● To do
Below are some records. Set down exactly the line holding "Hanger van halfedelsteen" and every later line through the end, omitting the pictures.

Records from a data source:
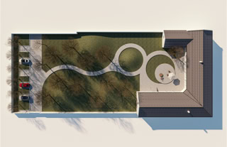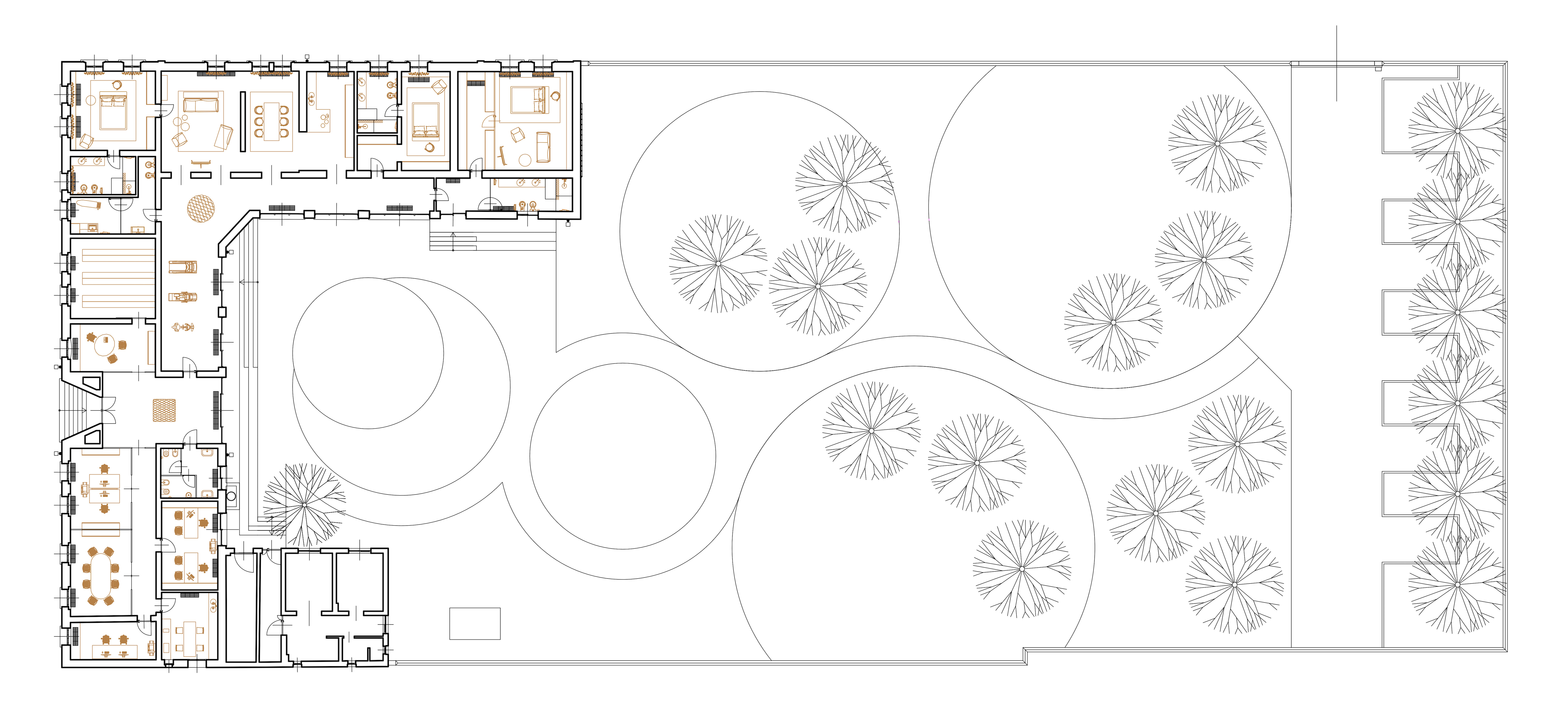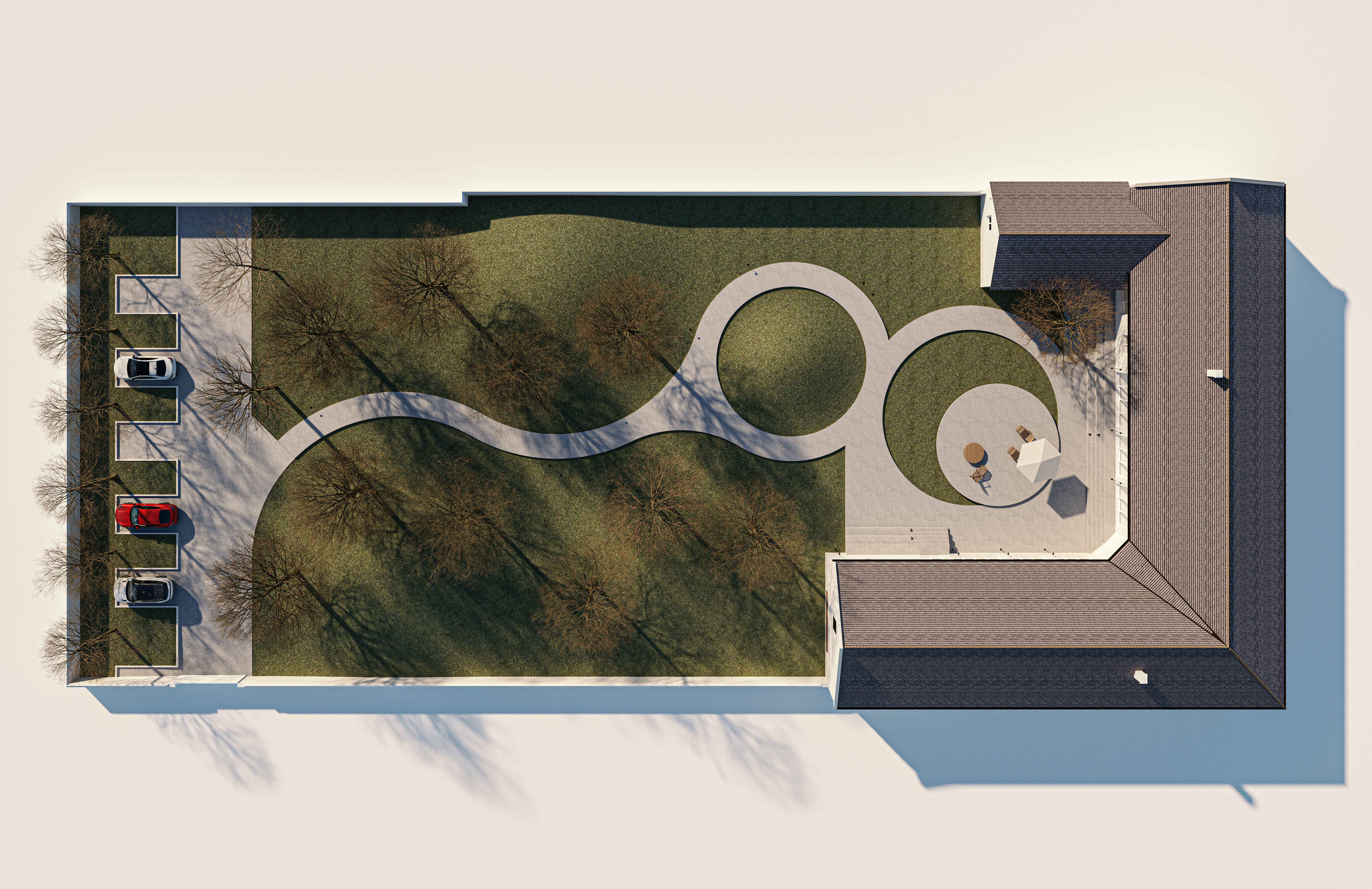 Intervento di ristrutturazione, interior e garden design per un edificio storico ad uso uffici e residenza in Jimbolia.
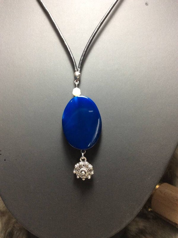 Hanger van halfedelsteen in de kleur diep blauw, met Zeeuwsknopje en klein zoetwaterpareltje
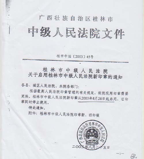 桂林市中级人民法院2003年8月25日公布封存未加壮文的旧印章,从28日开始启
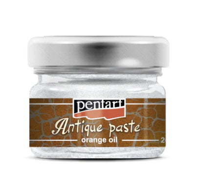 A thick consistency paste with solvent to achieve aged or metallic effects, as well as to emphasise surface cracks produced using PENTART crackle varnishes. Rub a layer of the paste onto the surface to be aged; wipe off any excess material using a dry cloth, or a cloth dipped in turpentine-based solvent.
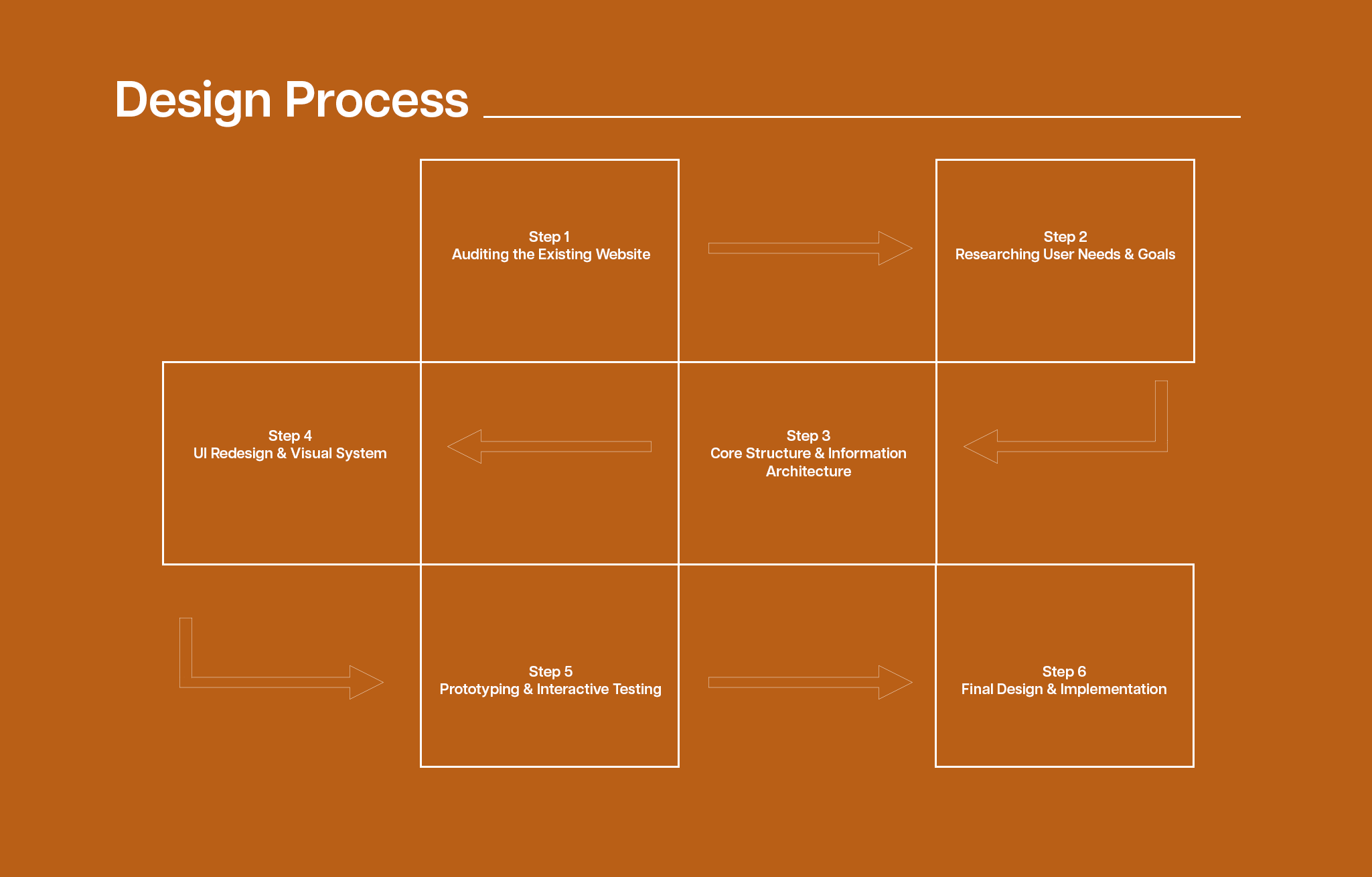The redesign began with an audit and user research, followed by a restructured information architecture, a refreshed visual system, and prototype testing to ensure clarity, accessibility, and responsiveness before launch.

● Response to the task
 Hanger van halfedelsteen in de kleur diep blauw, met Zeeuwsknopje en klein zoetwaterpareltje
 桂林市中级人民法院2003年8月25日公布封存未加壮文的旧印章,从28日开始启
 A thick consistency paste with solvent to achieve aged or metallic effects, as well as to emphasise surface cracks produced using PENTART crackle varnishes. Rub a layer of the paste onto the surface to be aged; wipe off any excess material using a dry cloth, or a cloth dipped in turpentine-based solvent.
The redesign began with an audit and user research, followed by a restructured information architecture, a refreshed visual system, and prototype testing to ensure clarity, accessibility, and responsiveness before launch.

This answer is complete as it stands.